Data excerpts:
____
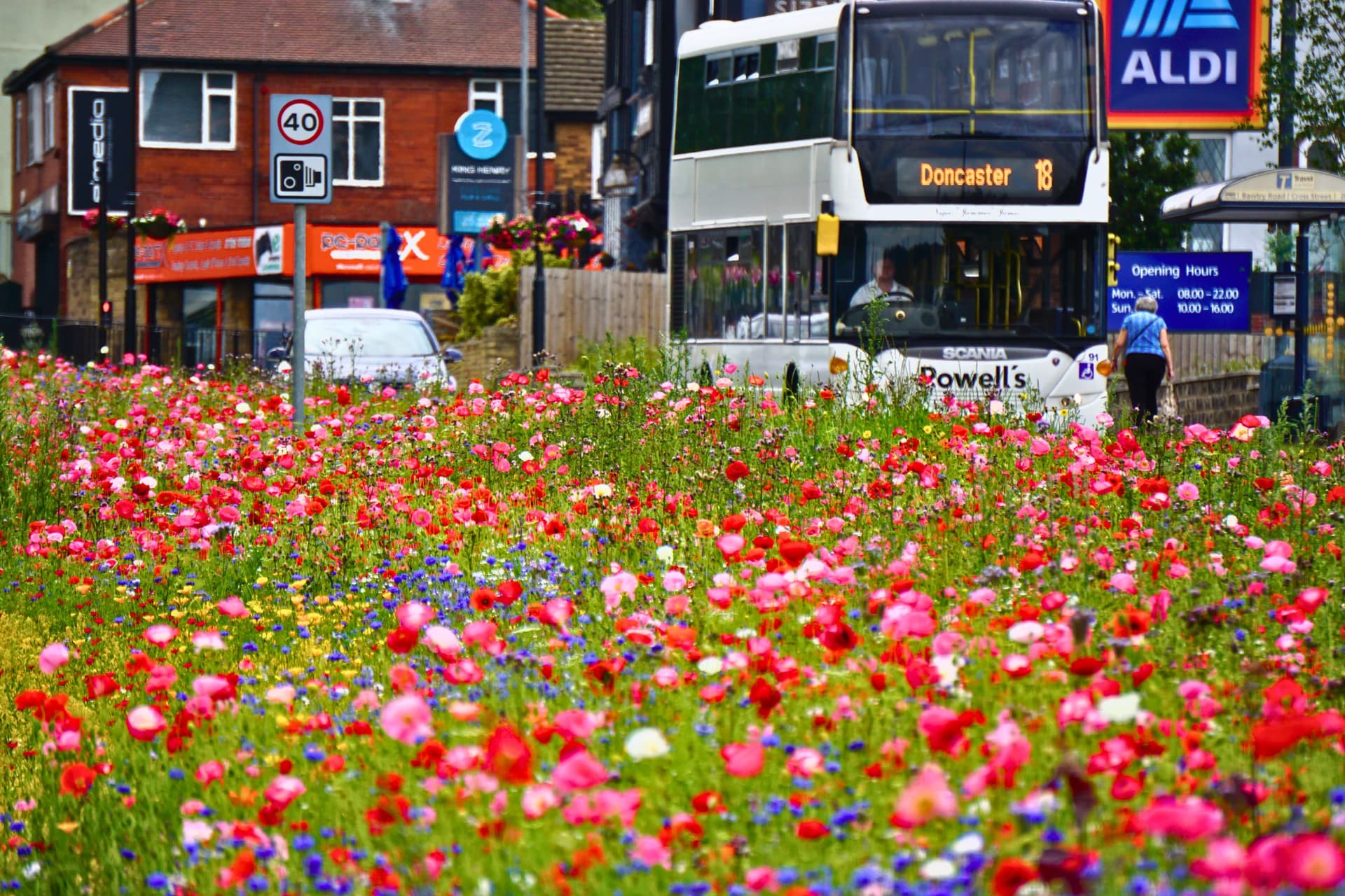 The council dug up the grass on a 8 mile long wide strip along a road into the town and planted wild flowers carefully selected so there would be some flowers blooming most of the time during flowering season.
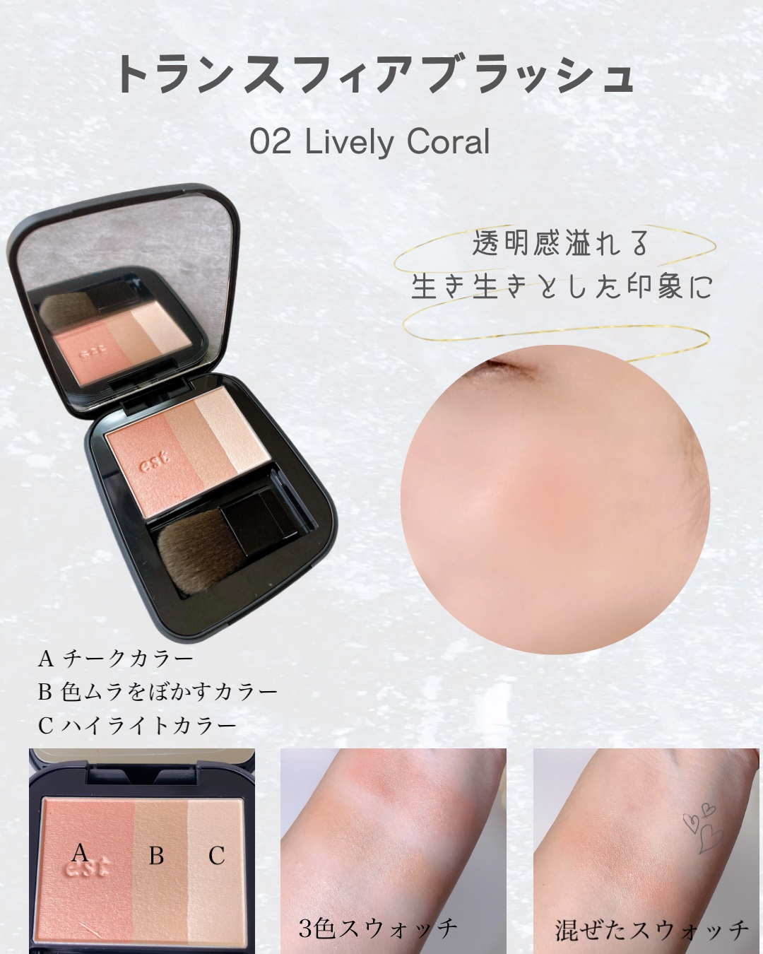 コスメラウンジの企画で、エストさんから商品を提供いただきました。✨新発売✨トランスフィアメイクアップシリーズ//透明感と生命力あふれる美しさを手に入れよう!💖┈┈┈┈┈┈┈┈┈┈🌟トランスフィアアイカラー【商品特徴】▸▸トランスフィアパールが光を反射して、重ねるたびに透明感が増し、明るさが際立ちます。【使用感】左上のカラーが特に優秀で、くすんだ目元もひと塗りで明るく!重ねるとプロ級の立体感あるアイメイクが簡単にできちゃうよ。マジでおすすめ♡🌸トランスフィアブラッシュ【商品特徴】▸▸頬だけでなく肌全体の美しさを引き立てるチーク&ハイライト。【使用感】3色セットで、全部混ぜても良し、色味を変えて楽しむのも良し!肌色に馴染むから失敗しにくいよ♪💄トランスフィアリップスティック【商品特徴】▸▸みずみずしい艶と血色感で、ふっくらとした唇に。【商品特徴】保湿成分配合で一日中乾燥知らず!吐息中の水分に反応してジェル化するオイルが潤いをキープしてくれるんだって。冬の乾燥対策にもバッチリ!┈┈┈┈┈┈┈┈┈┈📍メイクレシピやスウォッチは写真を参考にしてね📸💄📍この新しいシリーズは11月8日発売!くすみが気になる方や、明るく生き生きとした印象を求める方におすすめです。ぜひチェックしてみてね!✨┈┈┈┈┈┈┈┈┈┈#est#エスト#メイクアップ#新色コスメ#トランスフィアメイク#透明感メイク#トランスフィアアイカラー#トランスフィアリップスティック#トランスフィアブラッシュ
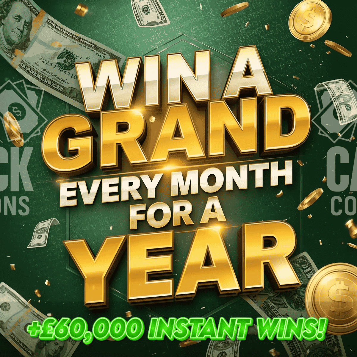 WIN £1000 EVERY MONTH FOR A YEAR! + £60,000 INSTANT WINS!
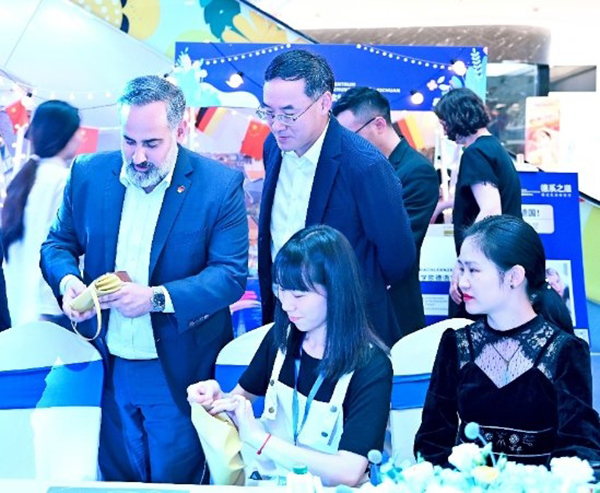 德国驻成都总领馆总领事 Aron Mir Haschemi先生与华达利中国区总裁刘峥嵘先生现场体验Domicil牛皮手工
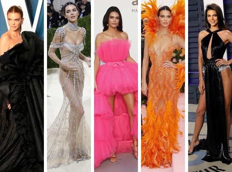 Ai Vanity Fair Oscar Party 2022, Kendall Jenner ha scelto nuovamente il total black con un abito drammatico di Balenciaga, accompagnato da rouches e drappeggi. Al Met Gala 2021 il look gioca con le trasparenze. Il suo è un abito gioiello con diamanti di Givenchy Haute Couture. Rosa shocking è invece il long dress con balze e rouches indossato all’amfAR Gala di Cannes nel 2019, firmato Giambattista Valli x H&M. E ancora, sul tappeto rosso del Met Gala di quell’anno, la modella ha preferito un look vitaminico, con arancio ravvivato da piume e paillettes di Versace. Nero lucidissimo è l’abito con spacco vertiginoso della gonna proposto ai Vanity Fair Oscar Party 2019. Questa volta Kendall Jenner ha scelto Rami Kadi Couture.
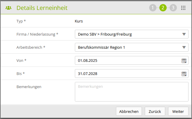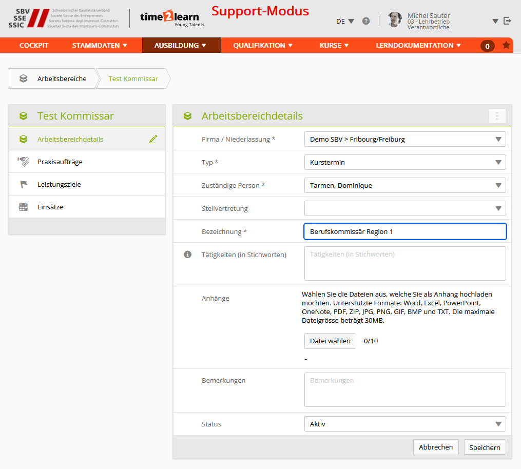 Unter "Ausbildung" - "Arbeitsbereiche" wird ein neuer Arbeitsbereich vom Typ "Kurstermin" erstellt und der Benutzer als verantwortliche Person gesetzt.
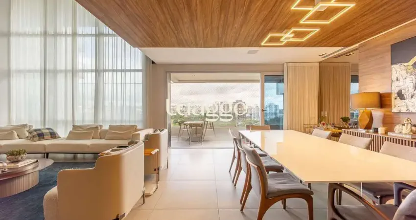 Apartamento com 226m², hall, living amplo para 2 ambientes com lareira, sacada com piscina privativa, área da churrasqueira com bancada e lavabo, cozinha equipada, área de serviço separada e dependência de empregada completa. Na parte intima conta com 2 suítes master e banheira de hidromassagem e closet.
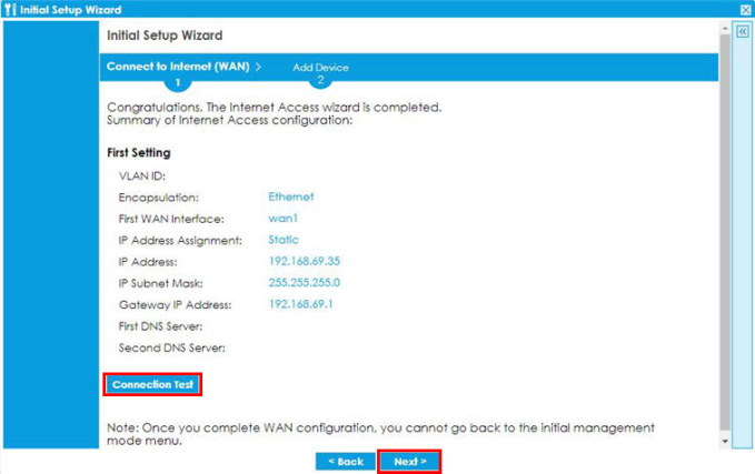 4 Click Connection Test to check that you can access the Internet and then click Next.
____
| Task details |
Retype only the lines above from the one with "WIN £1000 EVERY" through the one with "Ai Vanity Fair Oscar Party 2022, Kendall", exactly and with both ends. Images stay out.

| Solution |
 WIN £1000 EVERY MONTH FOR A YEAR! + £60,000 INSTANT WINS!
 德国驻成都总领馆总领事 Aron Mir Haschemi先生与华达利中国区总裁刘峥嵘先生现场体验Domicil牛皮手工
 Ai Vanity Fair Oscar Party 2022, Kendall Jenner ha scelto nuovamente il total black con un abito drammatico di Balenciaga, accompagnato da rouches e drappeggi. Al Met Gala 2021 il look gioca con le trasparenze. Il suo è un abito gioiello con diamanti di Givenchy Haute Couture. Rosa shocking è invece il long dress con balze e rouches indossato all’amfAR Gala di Cannes nel 2019, firmato Giambattista Valli x H&M. E ancora, sul tappeto rosso del Met Gala di quell’anno, la modella ha preferito un look vitaminico, con arancio ravvivato da piume e paillettes di Versace. Nero lucidissimo è l’abito con spacco vertiginoso della gonna proposto ai Vanity Fair Oscar Party 2019. Questa volta Kendall Jenner ha scelto Rami Kadi Couture.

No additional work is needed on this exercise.